#### TASK PROMPT
In the data below, how many lines contain the word "weight"? Answer with the number alone.

──────── THE RECORDS

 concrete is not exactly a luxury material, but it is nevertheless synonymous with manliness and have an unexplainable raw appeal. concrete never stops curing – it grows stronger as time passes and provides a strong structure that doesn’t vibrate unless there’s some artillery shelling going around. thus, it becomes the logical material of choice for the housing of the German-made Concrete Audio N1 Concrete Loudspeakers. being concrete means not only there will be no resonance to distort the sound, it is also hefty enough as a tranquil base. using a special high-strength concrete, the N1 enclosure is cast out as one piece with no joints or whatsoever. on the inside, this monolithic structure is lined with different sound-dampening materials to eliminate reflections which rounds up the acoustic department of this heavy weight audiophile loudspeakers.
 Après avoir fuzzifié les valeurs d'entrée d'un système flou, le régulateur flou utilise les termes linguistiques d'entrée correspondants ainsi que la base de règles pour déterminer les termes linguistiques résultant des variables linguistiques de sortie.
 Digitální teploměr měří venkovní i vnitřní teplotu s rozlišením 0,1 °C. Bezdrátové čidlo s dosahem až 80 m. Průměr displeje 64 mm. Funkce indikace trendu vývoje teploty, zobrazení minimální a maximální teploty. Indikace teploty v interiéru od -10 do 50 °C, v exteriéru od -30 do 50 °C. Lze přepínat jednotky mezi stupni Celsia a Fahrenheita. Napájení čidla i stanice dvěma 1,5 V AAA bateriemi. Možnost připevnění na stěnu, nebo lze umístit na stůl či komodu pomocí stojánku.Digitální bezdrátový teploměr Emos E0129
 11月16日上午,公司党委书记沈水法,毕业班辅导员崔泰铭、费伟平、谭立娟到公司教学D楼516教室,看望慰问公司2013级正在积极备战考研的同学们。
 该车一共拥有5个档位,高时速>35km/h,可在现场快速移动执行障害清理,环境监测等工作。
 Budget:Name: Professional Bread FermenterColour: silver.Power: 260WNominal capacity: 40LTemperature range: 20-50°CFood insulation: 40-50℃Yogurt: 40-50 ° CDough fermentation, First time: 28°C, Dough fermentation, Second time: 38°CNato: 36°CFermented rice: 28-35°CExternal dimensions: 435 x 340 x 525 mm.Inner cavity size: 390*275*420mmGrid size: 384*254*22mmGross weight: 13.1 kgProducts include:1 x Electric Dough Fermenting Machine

────────────────
──────── THE RECORDS

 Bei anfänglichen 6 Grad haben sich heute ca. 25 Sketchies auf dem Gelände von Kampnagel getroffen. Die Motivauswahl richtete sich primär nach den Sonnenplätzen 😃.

────────────────

#### RESULT FOR THIS EXERCISE
2